Sunday, 24 Jan 2021
Large, purple jellyfish washed up on Muscat shores recently. While beachgoers are hesitant to swim, experts have varying opinions on the potential dangers.

Beachgoers wary of jellyfish washed ashore

The presence of jellyfish is a all-natural phenomenon and it happens as a outcome of algal bloom, which they feed on, mentioned Dr Lubna al Kharusi, director common, Fisheries Research at the Ministry of Agriculture and Fisheries (MoAF).

She added, “We had extremely dense plankton final week, so their presence in big numbers is anticipated.

“The regularity of this occurrence is hard to predict due to climate change. We advise people to avoid swimming in the sea for the time being.”

Meanwhile, a senior member of Muscat Triathlon Club told Muscat Daily, “Of course, we have to keep our wits about us while swimming, but in general, the jellyfish aren’t too much of a nuisance. I haven’t had problems, and I haven’t heard reports from other members of the club.”

Keith Holt, owner of Global Scuba, mentioned, “While it is difficult to predict with excellent accuracy, my expertise is jellyfish abound when the season adjustments from summer time to winter or vice versa.
“Contact with the purple jellyfish would outcome in itchy skin. Thankfully, the much more hazardous box jellyfish, which appears like a floating plastic bag, is seldom noticed in Oman’s waters.”

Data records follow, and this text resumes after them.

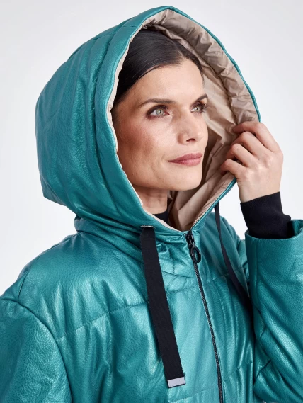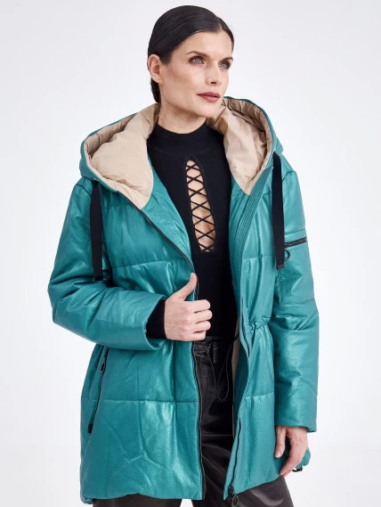 Кожаная женская куртка оверсайз с капюшоном премиум класса 3021, зеленая, размер 48, артикул 25470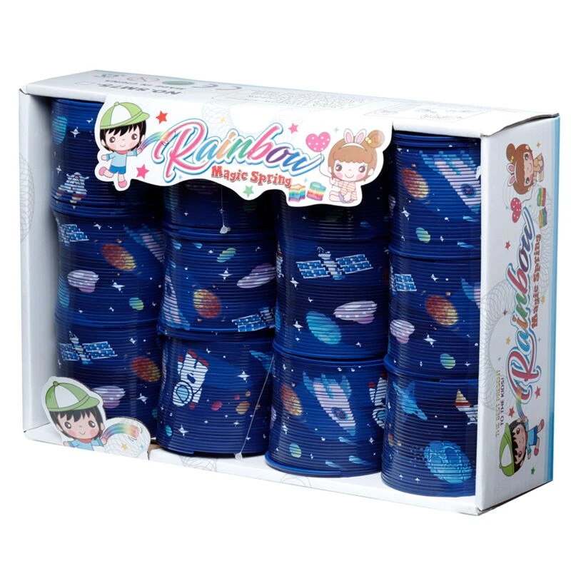 Wyrusz w międzygalaktyczną podróż z magiczną sprężyną inspirowaną kosmosem! To klasyczna zabawka, która od lat dostarcza mnóstwo radości – teraz w wyjątkowej wersji z motywami planet, gwiazd i rakiet.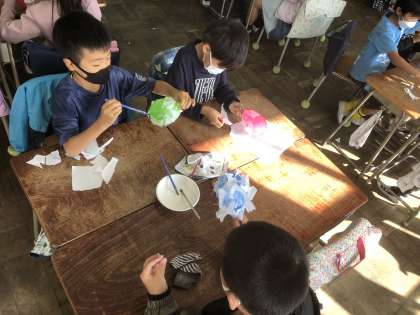 蚕の糸取りに向けて、風船に洗濯糊で半紙を貼り付けて、球体のランプシェードづくりに取り組みました。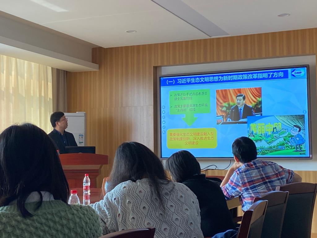 (通讯员:白雪)10月30日上午,生态环境规划院、生态环境政策与管理研究所副所长董战峰研究员做客学院“绿博讲坛”,作了题为“中国‘十四五’生态环境保护政策创新思路与方向”学术报告。经管学院杨福霞,我院蔡鹏、王真、于书霞、宋明伟等师生共计20余人参加报告会,葛小东副教授主持报告会。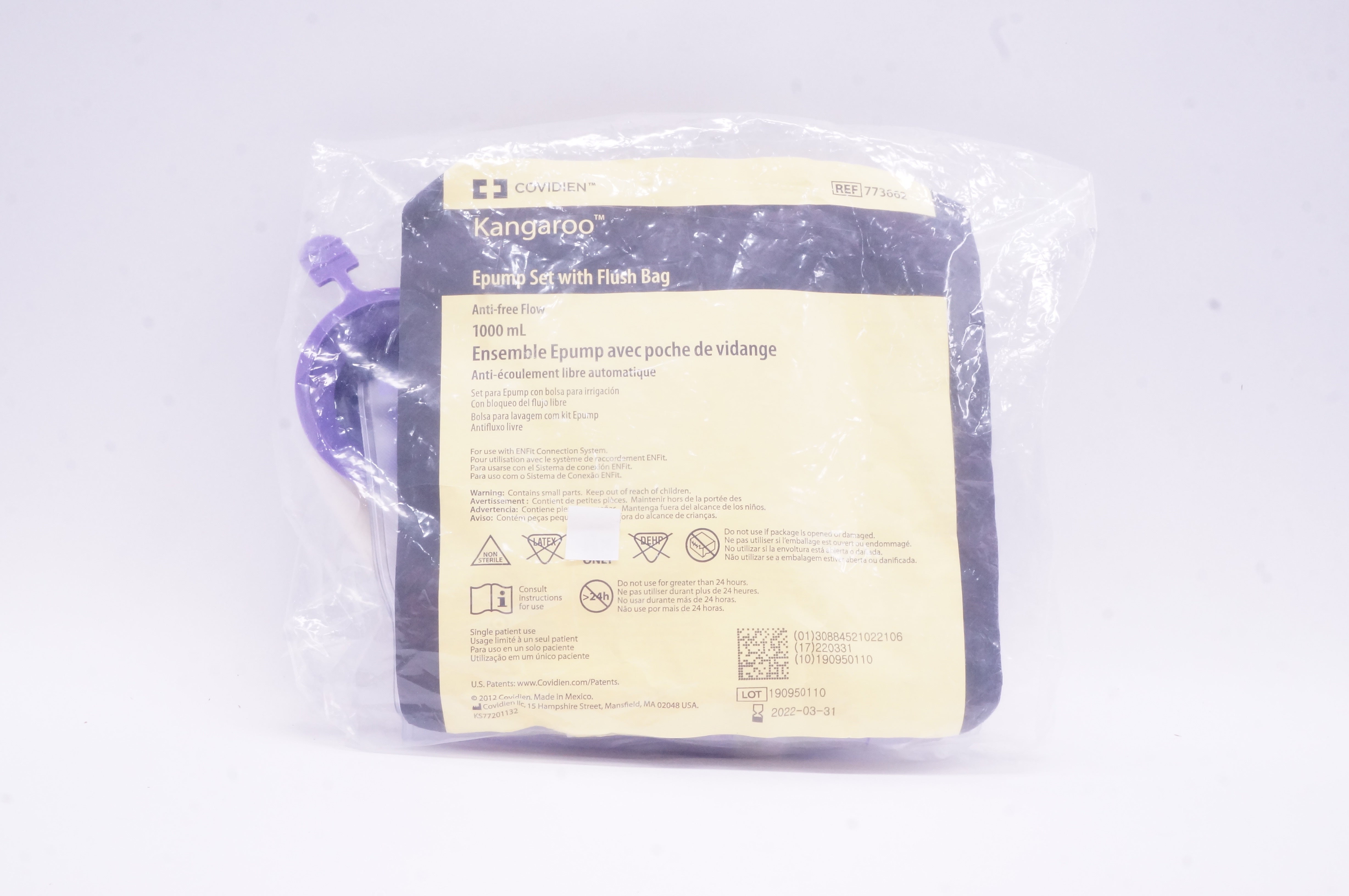 - Covidien 773662 Kangaroo Epump Set with Flash Bag Anti-Free Flow 1000mL (x)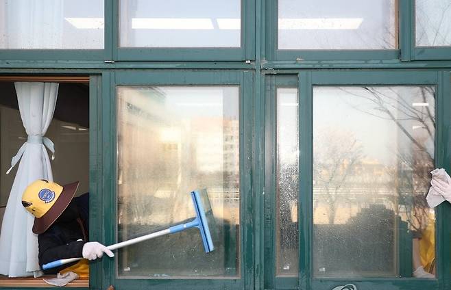 3. 희석한 세제를 분무기에 담아 유리에 분사한 뒤 마른 수건으로 닦아낸다.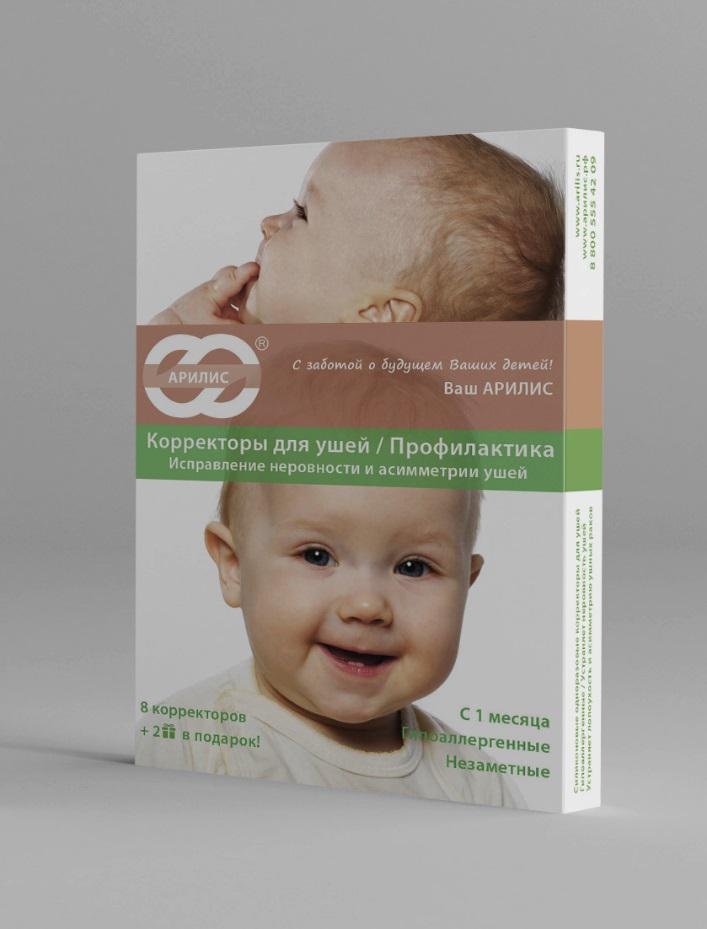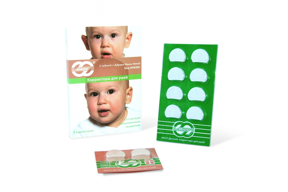 Специализированные корректоры из силикона, смазанного специальным клеем. Предназначены для новорожденных детей. Позволяют бороться с лопоухостью без использования пластической хирургии. Клеятся за ушной раковиной, удерживают ее в нужном положении. Способствует сохранению детской самооценки. Корректоры прозрачные, они не видны во время ношения. Одного корректора хватает на 10 дней, после этого нужно его заменять. В упаковке может быть 4 или 10 штук. Корректоры можно использовать без предварительной консультации с врачом.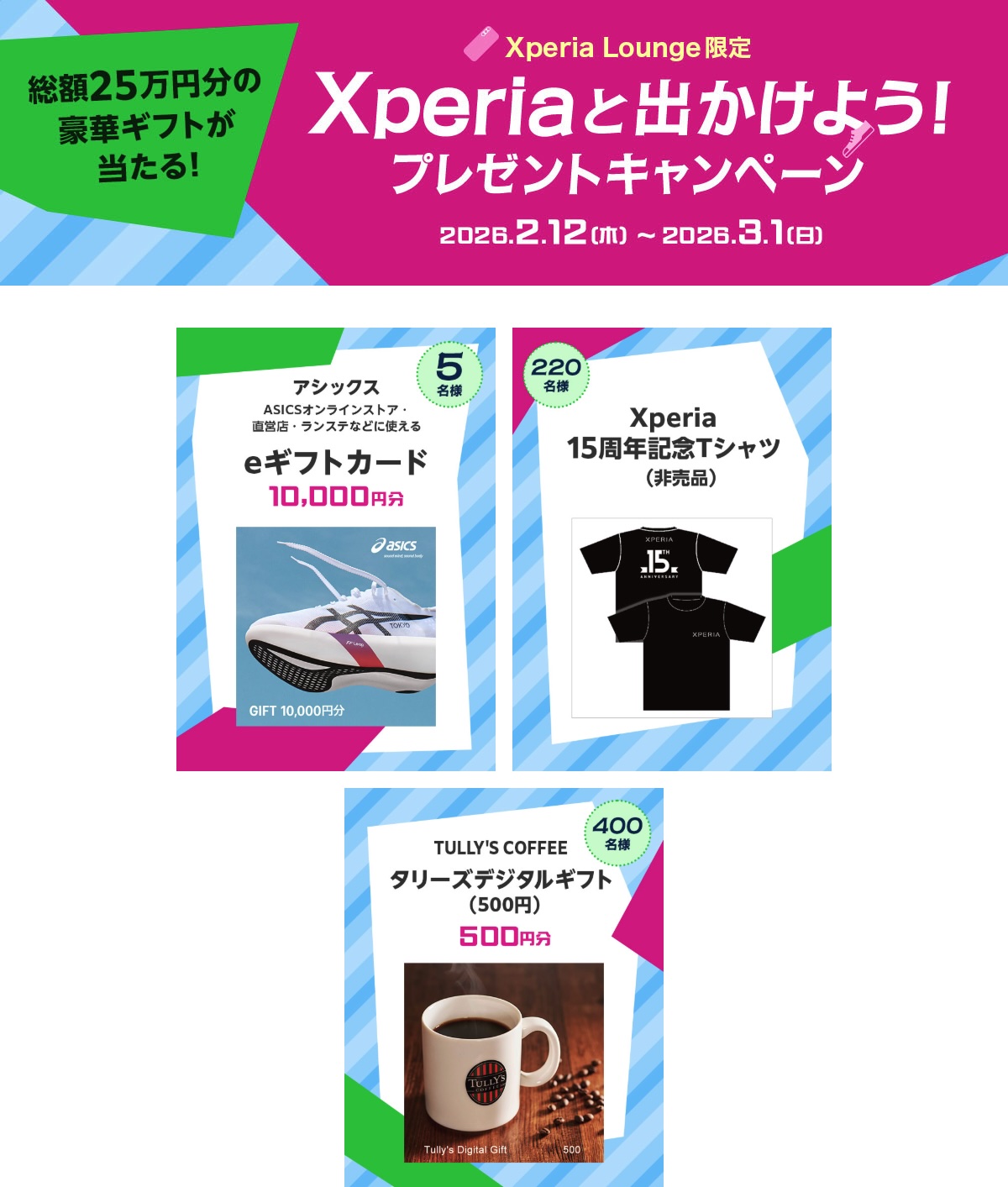 今回、アシックスASICSオンラインストア・直営店・ランステなどに使えるeギフトカード10,000円分、TULLY’S COFFEEが抽選で5名様 タリーズデジタルギフト(500円)が抽選で400名様のほか、Xperia 15周年記念 Tシャツ(非売品)が抽選で220名様に当たる豪華キャンペーン。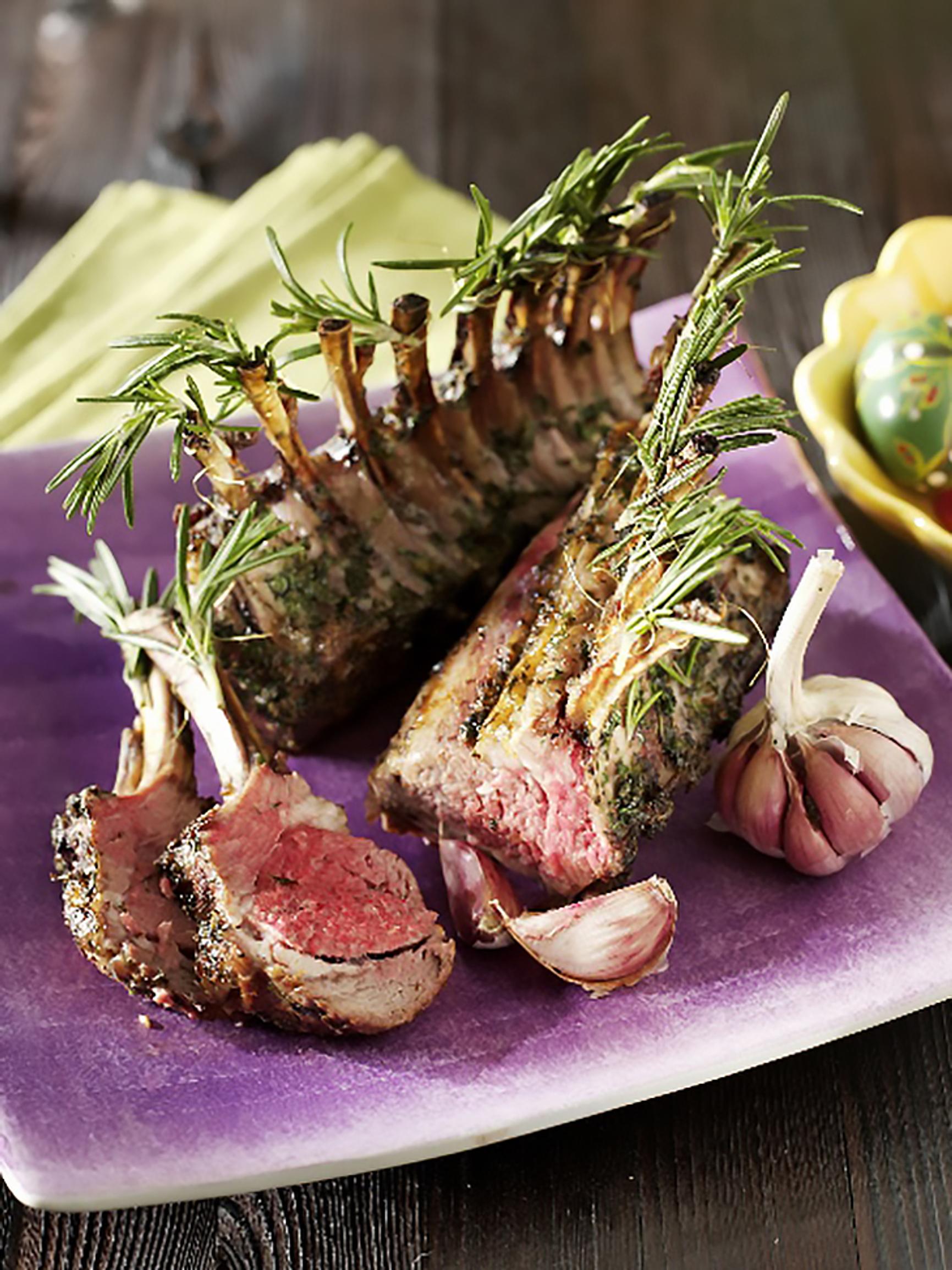 - Leikkaa kyljykset irti luitten välistä juuri ennen tarjoilua tai jätä se pääsiäispöydän ohjelmanumeroksi. Laita kyljykset ja valkosipulit tarjoiluastialle.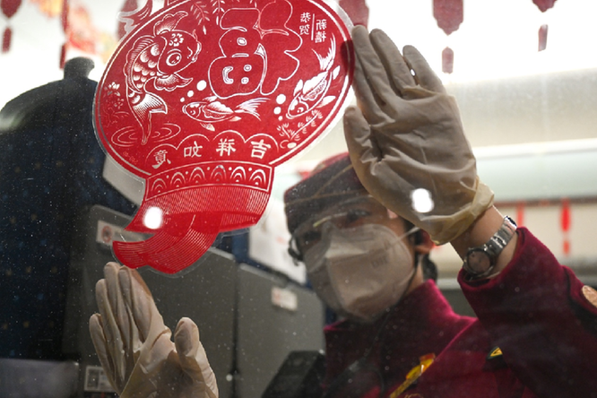 整裝待發(fā)的乘務(wù)人員佩戴手套、口罩、眼鏡的防護(hù)“三件套”迎接每一位旅客,列車長還送上了吉祥兔胸針小禮物和溫馨祝福。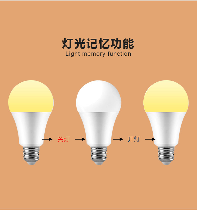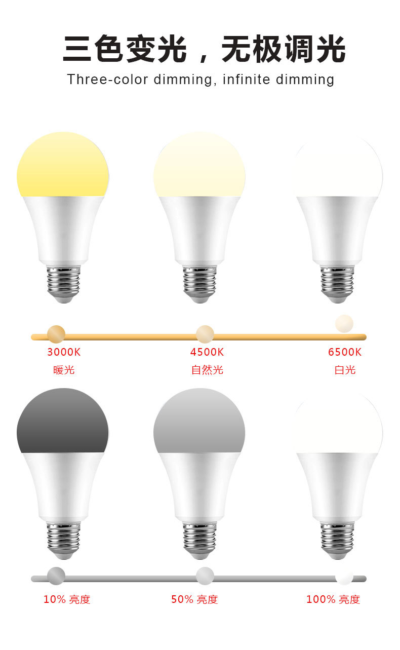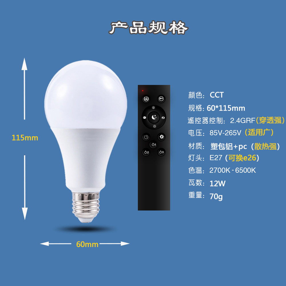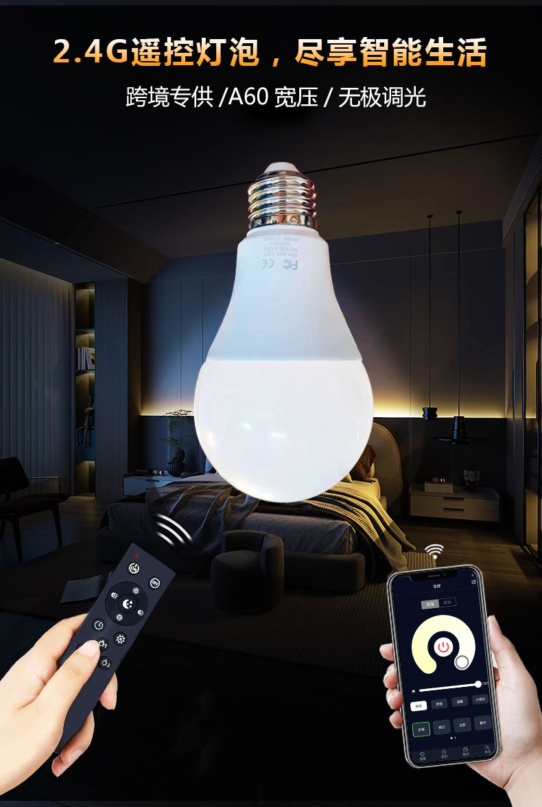 跨境2.4G智能灯泡遥控led无极调光调色三色变光球泡灯e26e27螺口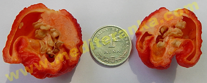 Odrasla biljka je prosječne visine oko 80 cm, zreo plod je dužine oko 4 cm a također toliko i širok, crvene je boje. Pogodna je za sušenje i mljevenje, često se koristi za pripremu raznih ekstremno ljutih chili umaka.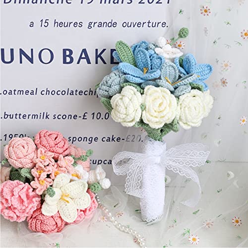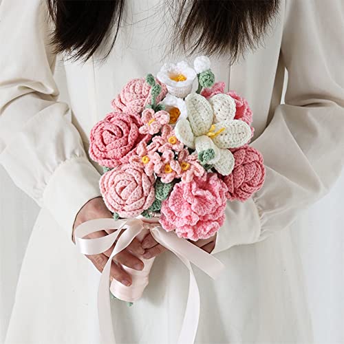 Wedding Romantic Bouquet Bridal Bridesmaid Bouquet Handmade Crochet Flowers Arrangements for Home Garden Party Wedding Decoration (Pink)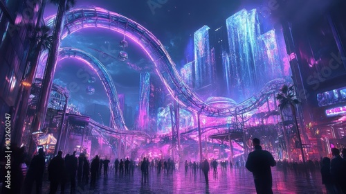 © Woranittha, Obraz premium Futuristic amusement park, with glowing roller coasters and holographic rides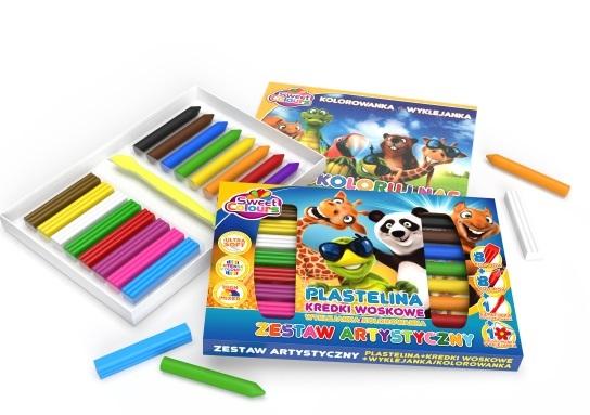 Zestaw artystyczny: 8 kol plastelin, 8 kolorów kredek +10 kart do kolorowania lub wyklejania.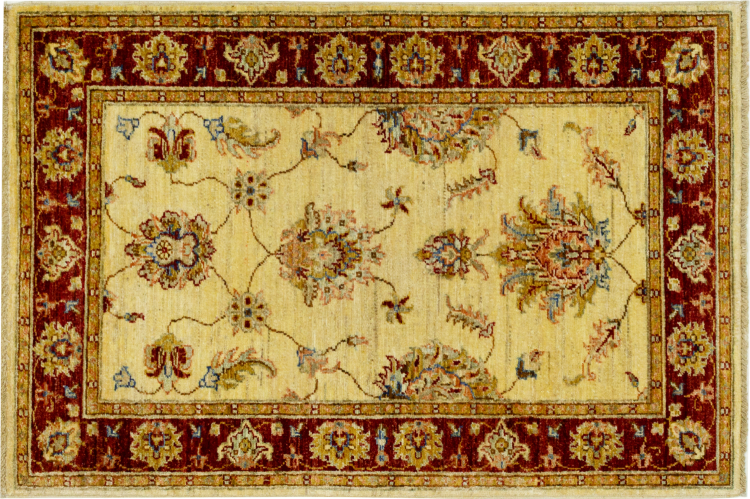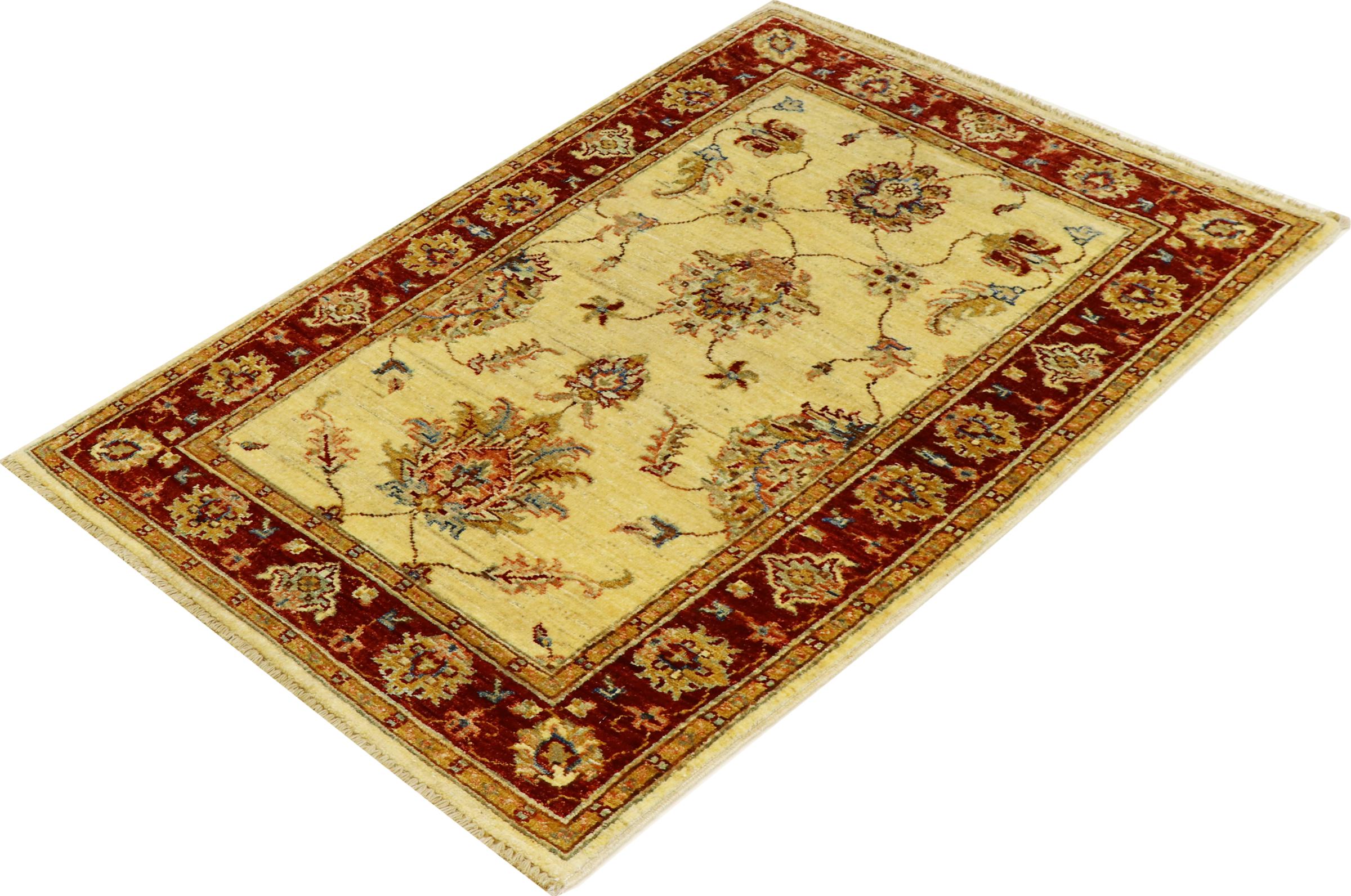 Tapijt ID: 303444005267456 Grootte: 119x81 cm Dikte: ap. 5 mm Knoopdichtheid: 72 000 - 90 000 / m² Verwerking: Handgeknoopte Pool: Hand gesponnen wol Schering: Katoen Oorsprong: Afghanistan Leeftijd: Nieuw Gewicht: ap. 3 kg Op voorraad: Uniek - Nog maar 1 op voorraad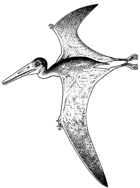 Птеродактили или диморфодоны (двуформозуб), – крылатые ящеры верхнеюрского и нижнемелового периодов – обитали на территории современной Европы и Восточной Африки от 200 до 180 млн лет назад. Размах крыльев до 2 м, длина от кончика головы до кончика хвоста – 120 см, размер головы – до 30 см. Они жили стаями и кормились рыбой и насекомыми.

Ministry’s note of caution

In mid-August, the Marine Sciences and Fisheries Centre at MoAF cautioned beachgoers on the spread of jellyfish in specific beaches of Oman.

“The sting by the creature may cause rashes. People should be careful while swimming where jellyfish are present. Even though there are a lot of harmless jellyfish, some of them may sting and cause irritation and redness of the skin. Some may be just painful while others may be poisonous,” the MoAF statement mentioned.